Маша стояла рядом со столом, за которым мы беседовали, вытаращив глаза и судорожно сглатывая:
— Откуда вы… как они узнали, Вань?
— Маш, не будь наивной! — резко бросил я, разозлившись донельзя. — Ясно же, что квартира нашпигована подслушивающими, а возможно, и подглядывающими устройствами, и что поселили нас в нее специально, и что Маргариту подвели к нам они — мы давно уже под колпаком у Мюллера! Элементарно, Ватсон!

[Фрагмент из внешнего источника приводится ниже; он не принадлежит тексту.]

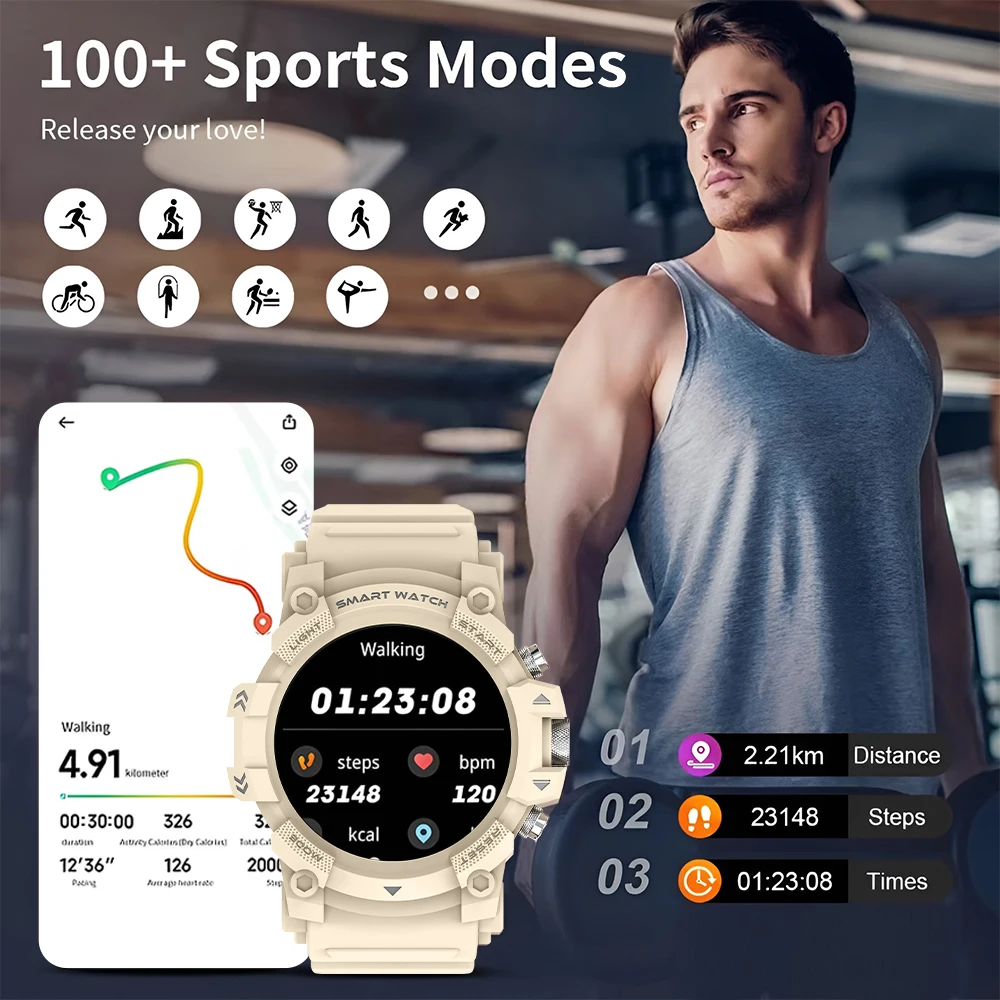 PEJE GPS Smartwatch - Waterproof, Stainless Steel Band, 5.11cm HD Display, 100+ Sports Modes, & Step Tracking, Wireless Calls

Они суют нос везде, куда только можно, а уж мимо колдунов пройти никак не могли.
— Тогда, раз вы такой… Холмс, может распишете наши дальнейшие шаги и перспективы сотрудничества? Опишете, что мы от вас хотим? А мы и послушаем — вдруг чего-то упустили, — усмехнулся один из коллег полковника, доселе молчавший и внимательно следивший за моим лицом. Третий сидел с каменным видом и все время держал руку под столом, подозреваю, что в его кармане было что-то вроде стреляющей ядовитыми иглами авторучки или подобной гадости — на предмет плохих переговоров со злым колдуном. Вдруг я заартачусь, нападу на них? Придется принимать срочные меры. Для того и нужен «чистильщик».
— Во-первых, ваш коллега пускай уберет руку из кармана — не дай бог стрельнет с испугу. Я не собираюсь на вас нападать, на фига вы мне сдались. Я ждал вас все это время и удивлялся — как это вы так медленно до меня добирались?
— «Служенье муз не терпит суеты» — слышали такое выражение? — усмехнулся второй гэбэшник. — Хорошая операция должна быть тщательно подготовлена. Тогда есть вероятность, что она удастся на сто процентов. Закон такой.